Friday, November 29, 2013

The Pope's Medieval Economics - Still and Again

With a brief respite for Thanksgiving, social media and the blogosphere have been astir with conversations about Pope Francis' new apostolic exhortation, Evangelii Gaudium ("Joy of the Gospels"), which, despite being a lengthy disputation on the Trinity and other aspects of Catholic theological dogma, has had its few passages on economics singled out for praise and criticism.

I have earlier written about how the top ranks of the Catholic hierarchy are stuck in the Middle Ages when it comes to economic thinking, including Pope Emeritus Benedict XVI.
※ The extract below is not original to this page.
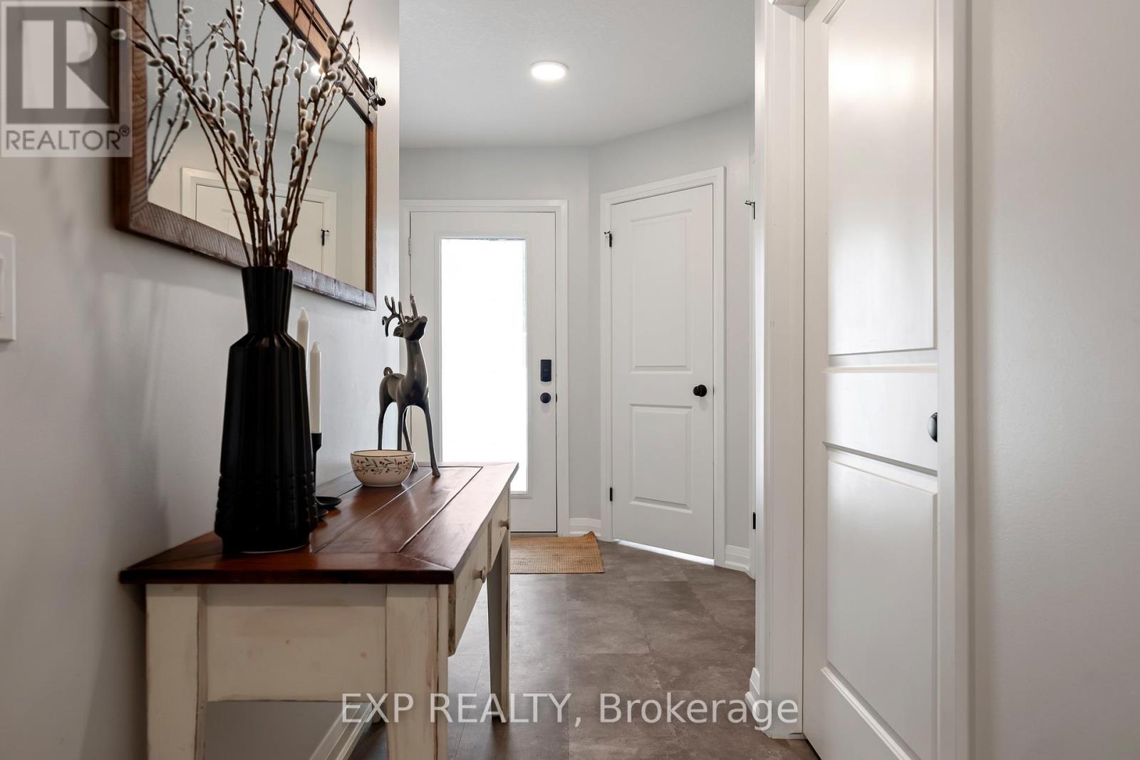 This 3-year-old freehold townhouse offers a rare combination of space, privacy, and peaceful surroundings that is seldom found in town. Set on an exceptional 300-foot deep lot, the property enjoys cottage-like views that create a sense of calm and openness, making it feel more like a country retreat while still benefiting from neighbours, convenience, and community. Thoughtfully finished with long-term living in mind rather than short-term resale, this home delivers both comfort and quality throughout. The layout is functional and inviting, featuring three bedrooms and three bathrooms, well suited for everyday living, entertaining, or working from home. The kitchen serves as the heart of the home and is highlighted by custom cabinetry with soft-close drawers and doors, offering a clean, timeless look paired with practical storage and quality craftsmanship. Natural light flows through the main living spaces, enhancing the home's warm and welcoming atmosphere. Outside, the depth of the lot provides room to relax, entertain, or simply enjoy the quiet backdrop that sets this property apart from typical in-town offerings. Additional features include a single-car garage and a two-car driveway, ensuring ample parking and convenience. Ideal for buyers seeking a move-in-ready home that feels finished, intentional, and genuinely different, this property is perfectly suited for those who appreciate space, tranquility, and thoughtful design without sacrificing location or lifestyle. (Exterior photos have been digitally enhanced to remove snow for visual clarity. Landscaping and exterior features may appear different depending on season and current conditions.) (id:64974)

The core problem in the current Pope's thinking is found in this passage from Evangelii Gaudium (slightly truncated):
"In this context, some people continue to defend trickle-down theories which assume that economic growth, encouraged by a free market, will inevitably succeed in bringing about greater justice and inclusiveness in the world. This opinion, which has never been confirmed by the facts..."
This has been "confirmed by the facts" so many times I am confounded by the Pope's ignorance of free-market economics, whose theoretical principles were first propounded by the Spanish Scholastics of the early Renaissance.
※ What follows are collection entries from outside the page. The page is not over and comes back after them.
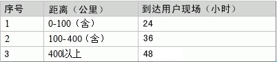 - 当接到您的上门服务请求后,复安指定服务机构会按照下表规定的时间提供上门服务。
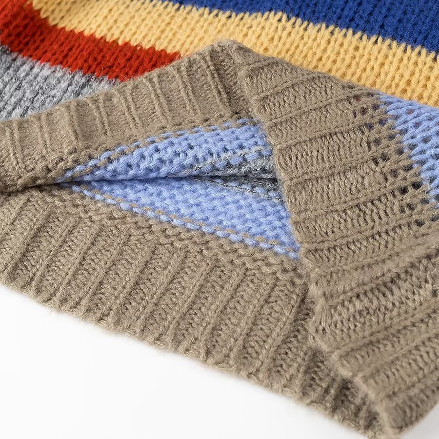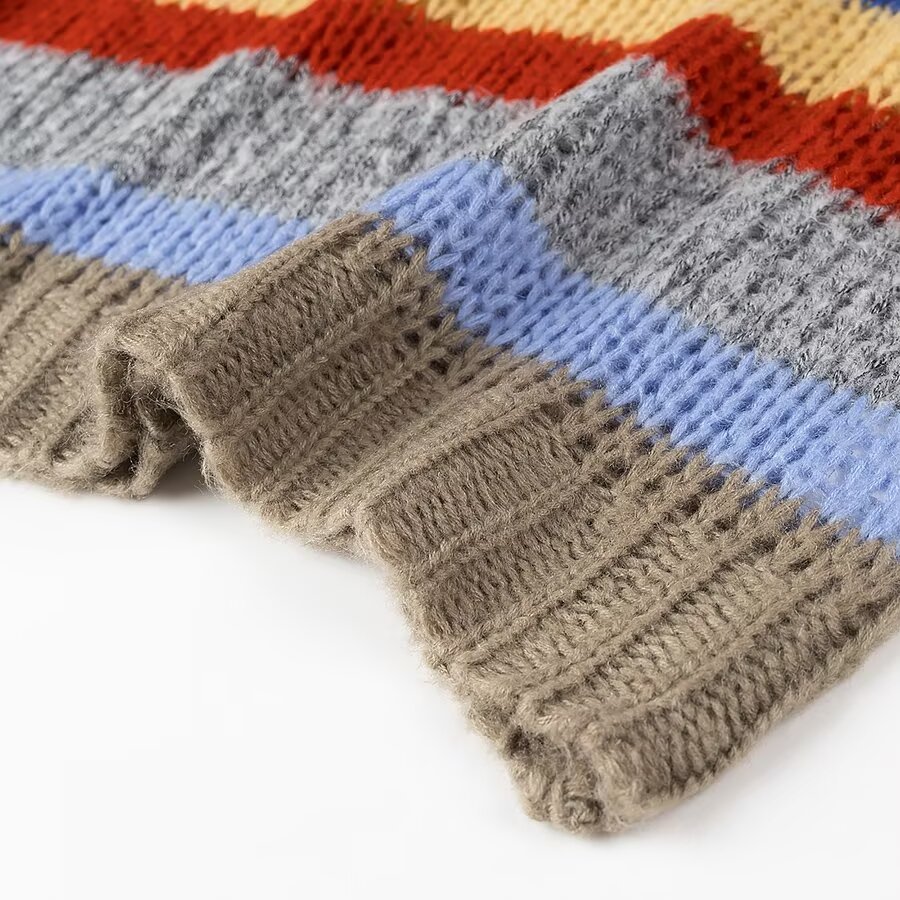 2024欧美冬新款时尚减龄百搭圆领长袖彩虹条纹针织毛衣女2271
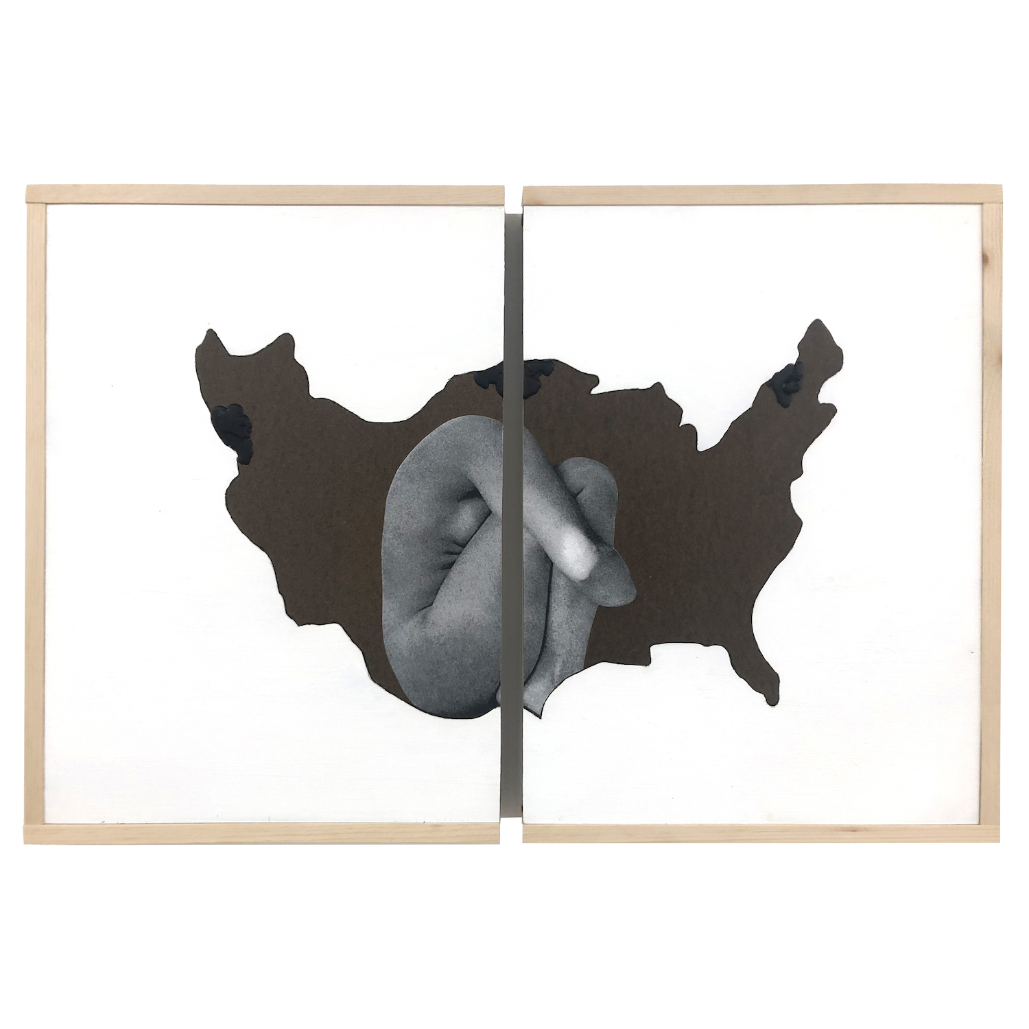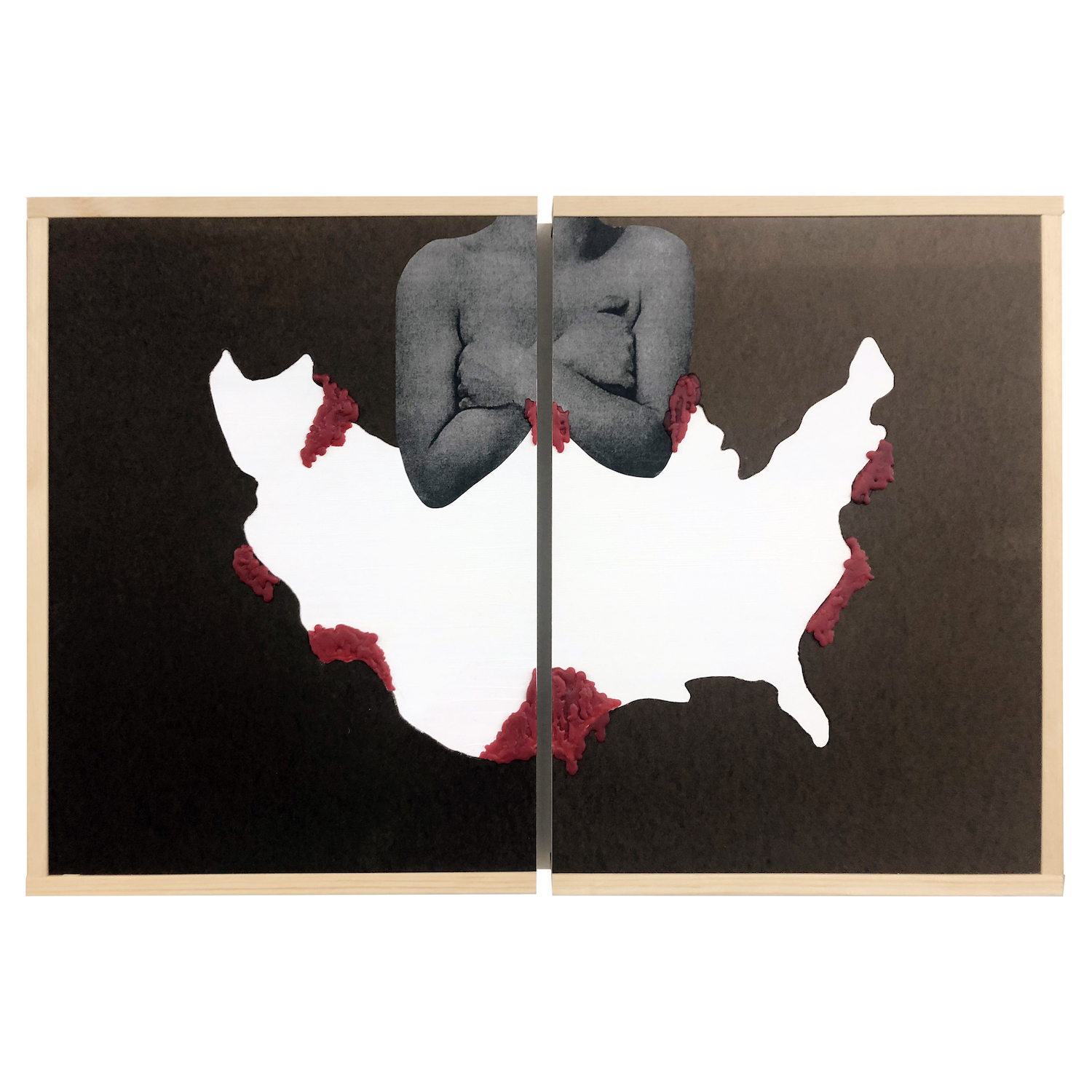 What do you think when you see someone wearing a hijab, or the shape of the continental US? Do you take the time to meet the person underneath, or question the US branding of “freedom and justice for all?” Iranian American artist Mojdeh Rezaeipour grapples directly with these questions in her work, and uses analog collage techniques to suggest that Western social mores for women’s bodies come from a similar origin of gender-based control as the stricter customs of her native country.

This Pope, like his predecessors, adheres to a medieval mode of thinking about economics in which wealth distribution is a zero-sum game: Some people are rich because other people are poor. It completely ignores how wealth can be created (making a bigger pie, not just cutting up smaller and smaller pieces to share) through human ingenuity facilitated by the rule of law, respect for property rights, and freedom of thought and information.
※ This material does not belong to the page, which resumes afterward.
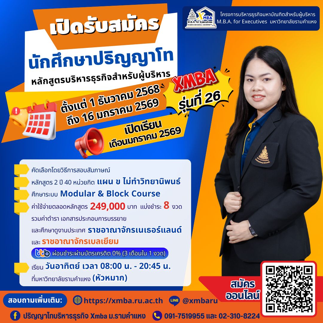 โครงการบริหารธุรกิจมหาบัณฑิตสำหรับผู้บริหาร ขยายเวลารับสมัครนักศึกษาใหม่ประจำภาค 2 ปีการศึกษา 2568 หลักสูตรบริหารธุรกิจมหาบัณฑิต วิชาเอกบริหารธุรกิจ รุ่นที่ 26
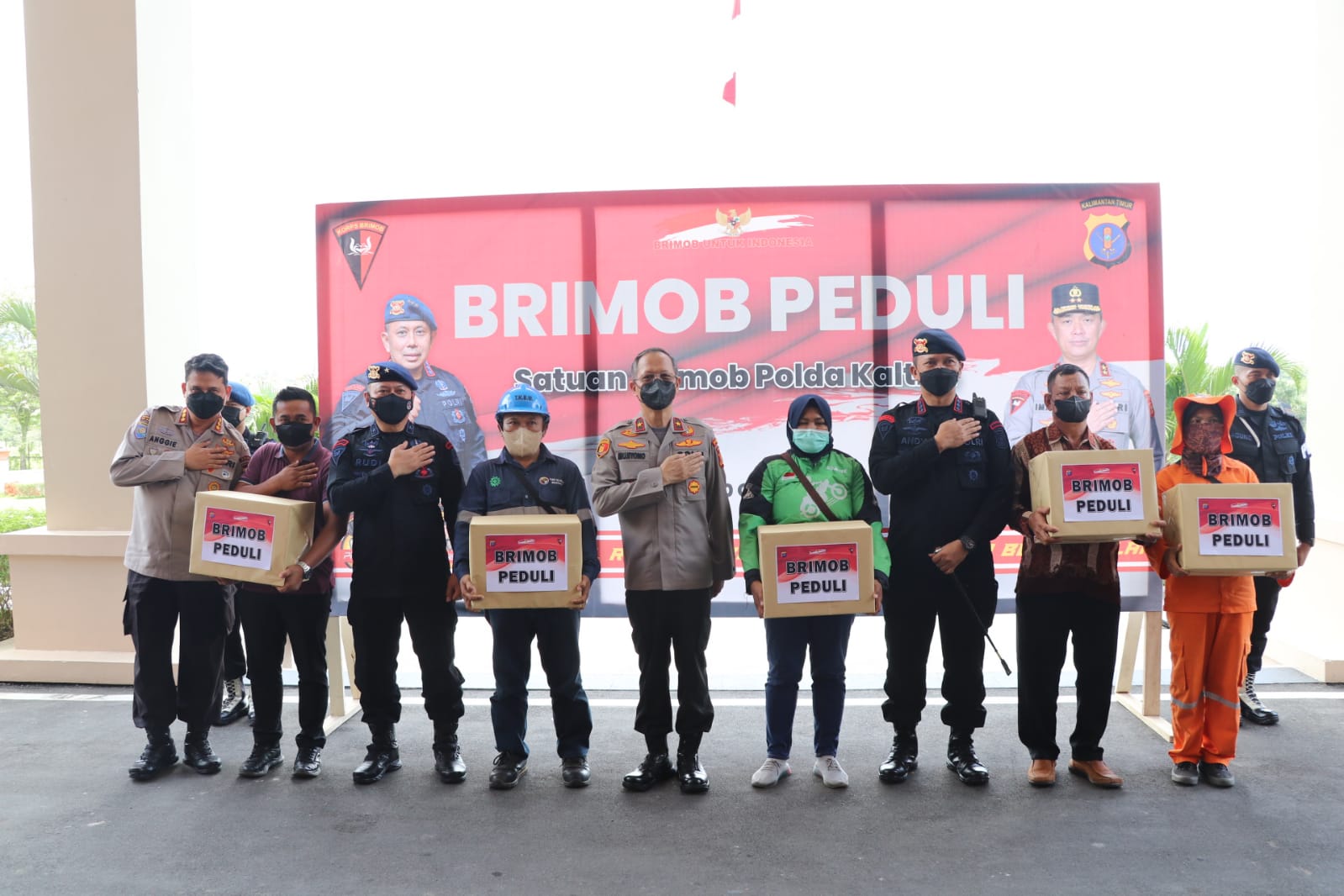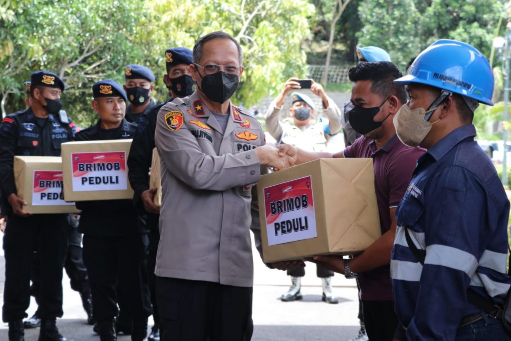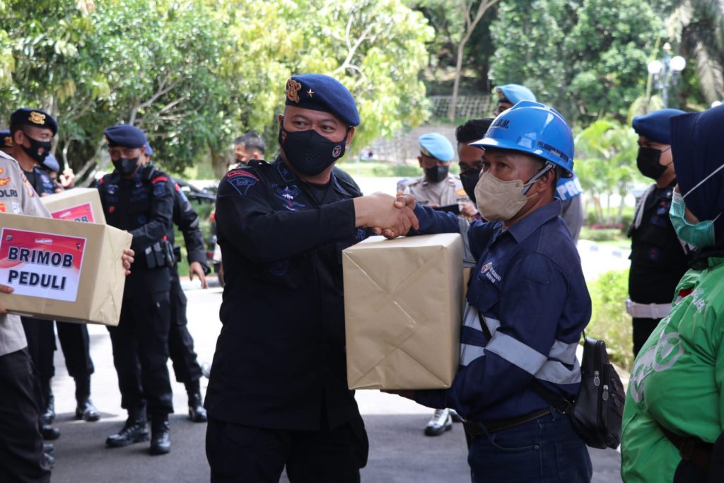 Kegiatan Bhakti Sosial tersebut dipimpin oleh Wakapolda Kaltim Brigjen Pol. Drs. Mujiyono, S.H, M. Hum bersama dengan Wadankor Brimob Irjen Pol. Drs. Setyobudi Moempoeni Harso, SH., M.Hum. dan Dansat Brimob kaltim membagikan 1500 paket sembako kepada perwakilan komunitas nelayan,komunitas bongkar muat semayang balikpapan,komunitas ojek online,supir angkot,dan tenaga kebersihan

The rise of capitalism -- or, as I prefer to call it, free enterprise -- has historically been the most effective driver of wealth creation and lifting people out of poverty. In the past 30 years alone, a billion people who were once living in dire poverty are now middle-class and even rich (by any standard) just in China and India, where liberalized economic policies have freed them from lives that were, by all accounts, nasty, brutish, and short (if not solitary, given those countries' large populations).

As Matt Welch, writing in Reason, put it in a slightly different way:
More people have escaped poverty the past 25 years than were alive on the planet in 1800. Their "means of escape" was largely the introduction of at least some "laws of competition" in endeavors that had long been the exclusive domain of authoritarian, monopolistic governments.
To be fair, the Pope comes from Argentina, where cronyism and mercantilism have long been presented (falsely) as free enterprise. In that context, it would be easy to assume that capitalism creates poverty rather than eliminates it. The affluence and abundance of the modern world were never envisioned by the Bible, which incorrectly prophesies that "the poor will be with us always."

As we have seen in the unprecedented progress of the past 200 years, there is no inevitability to poverty.